++++ Information provided

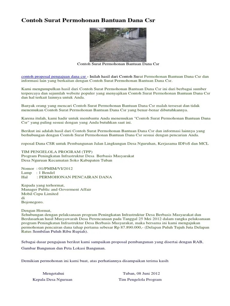 Di bidang pendidikan, yang berkaitan dengan proses kegiatan belajar mengajar. Nasional, yaitu mengembangkan kemampuan serta meningkatkan mutu kehidupan dan. Pengajuan proposal csr atau penyerahan proposal desa kepada perusahaan dapat. Pembangunan sarana fisik bagi lingkugan masyarakat, sumbangan di bidang pendidikan dan kesehatan masyarakat, secara tidak langsung juga telah memberi pengaruh . Dengan hormat, untuk meningkatkan kualitas dan pelayanan dalam bidang pendidikan dan pemberdayaan masyarakat dengan ini kami mengajukan bantuan.
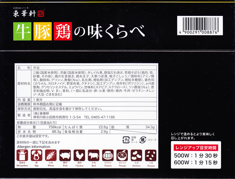 パッケージのデザインは催事の臭いが強く感じられ、円形の容器は簡素が過ぎてボール紙がほぐれてしまっていた。茶色く染まる内容も、油が利いた強めの味付けも、ホカ弁やコンビニ弁当に親しむ方々に向けた駅弁であると思う。なお、2010年3月27日に熱海駅でも同じものを買えた。2012年中に終売か。
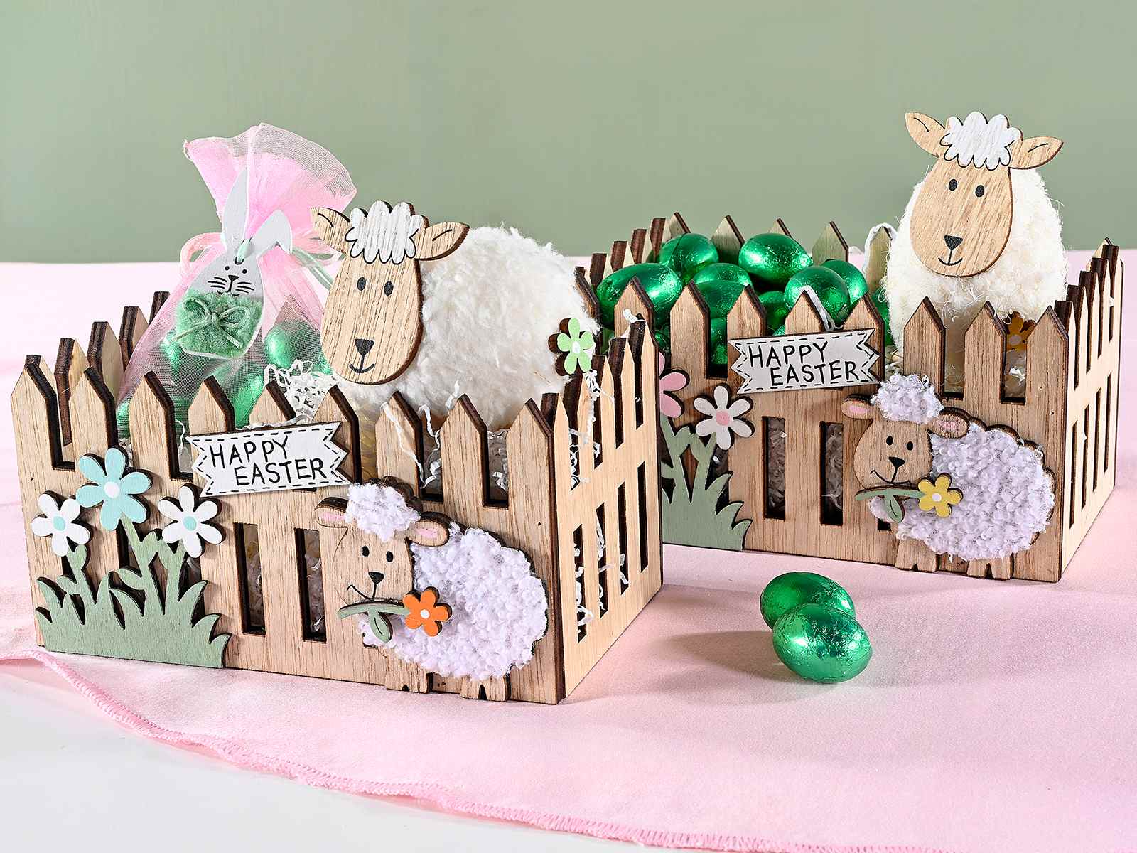 Cutii/coșuri garduri din lemn cu oaie moale de lână și scris de Paște Fericit
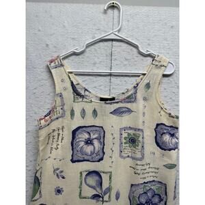Vtg Positive Attitude 100% Linen Sleeveless Shift Dress Floral Botanical Print M

++++++++

▸ The problem: Once the pictures are set aside, give the listing again word for word.

▸ Task answer:
 Di bidang pendidikan, yang berkaitan dengan proses kegiatan belajar mengajar. Nasional, yaitu mengembangkan kemampuan serta meningkatkan mutu kehidupan dan. Pengajuan proposal csr atau penyerahan proposal desa kepada perusahaan dapat. Pembangunan sarana fisik bagi lingkugan masyarakat, sumbangan di bidang pendidikan dan kesehatan masyarakat, secara tidak langsung juga telah memberi pengaruh . Dengan hormat, untuk meningkatkan kualitas dan pelayanan dalam bidang pendidikan dan pemberdayaan masyarakat dengan ini kami mengajukan bantuan.
 パッケージのデザインは催事の臭いが強く感じられ、円形の容器は簡素が過ぎてボール紙がほぐれてしまっていた。茶色く染まる内容も、油が利いた強めの味付けも、ホカ弁やコンビニ弁当に親しむ方々に向けた駅弁であると思う。なお、2010年3月27日に熱海駅でも同じものを買えた。2012年中に終売か。
 Cutii/coșuri garduri din lemn cu oaie moale de lână și scris de Paște Fericit
Vtg Positive Attitude 100% Linen Sleeveless Shift Dress Floral Botanical Print M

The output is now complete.